The surface layer 14 preferably has granular precipitates present on the surface, and the average particle size thereof is preferably in the range of 0.01 to 10 μm. As a result, the material 1 for electrical contacts has a lower coefficient of dynamic friction and exhibits better bending workability. Specifically, it is set so that 20 or more (400 or more in total) granular precipitates are contained in each of the vertical and horizontal sides in the rectangular viewing range, and in this state, a diagonal line is drawn and the drawn diagonal line passes through. The average particle size of the granular precipitates is calculated by measuring the number of precipitates and dividing the diagonal length by the number of the measured granular precipitates.

The thickness of the surface layer 14 is not particularly limited, but is preferably 0.1 to 10.0 μm, more preferably 0.5 to 7.0 μm, and 1.0 to 5.0 μm, for example. Is even more preferable. When the surface layer 14 has such a thickness, it has more excellent conductivity and exhibits excellent bending workability.

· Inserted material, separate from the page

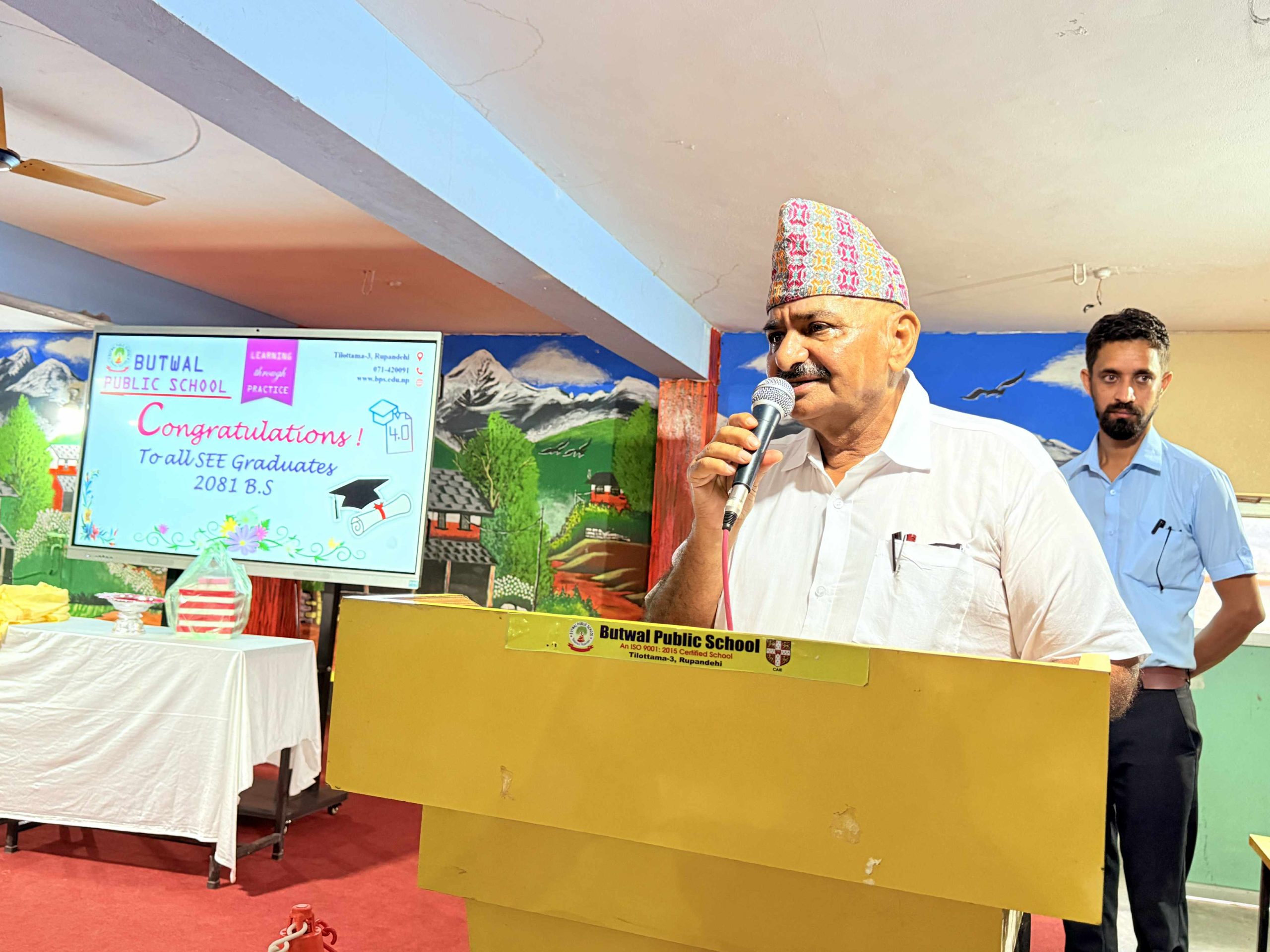 बुटवल । रुपन्देहीको तिलोत्तमा–३ स्थित बुटवल पब्लिक स्कुलले माध्यमिक शिक्षा परीक्षा (एसईई) नजितामा उत्कृष्ट अंक ल्याउने विद्यार्थीहरुलाई सम्मान गरेको छ । सोमबार एक कार्यक्रमका बीच विद्यालयका संस्थापक प्राचार्य हेमलाल शर्मा, तिलोत्तमा नगरपालिका वडा न. ३, शिक्षा समन्वय ईकाइकी चुडाकुमारी विष्टले विद्यार्थीहरुलाई सम्मान गरेका थिए ।

The material 1 for electrical contacts configured as described above has a low contact resistance value having a sufficient resistance level and a low coefficient of kinetic friction even when a high voltage and a large current are applied. Then, such an electric contact material can be used for the connector terminal. Since such a connector terminal has a low coefficient of dynamic friction on the surface and a low insertion force, it can be used for a connector that improves assembleability of a vehicle or the like. Further, such a connector can be used for various electronic components. In the present invention, each layer laminated on the conductive base material may be formed on at least one surface of the conductive base material. For example, the formation of each layer laminated on the conductive base material may be provided at the electrical contact portion that is electrically connected by sliding contact with the terminal of the mating connector when the connector is connected (fitted). Often, it can be formed on one or both sides of a conductive substrate.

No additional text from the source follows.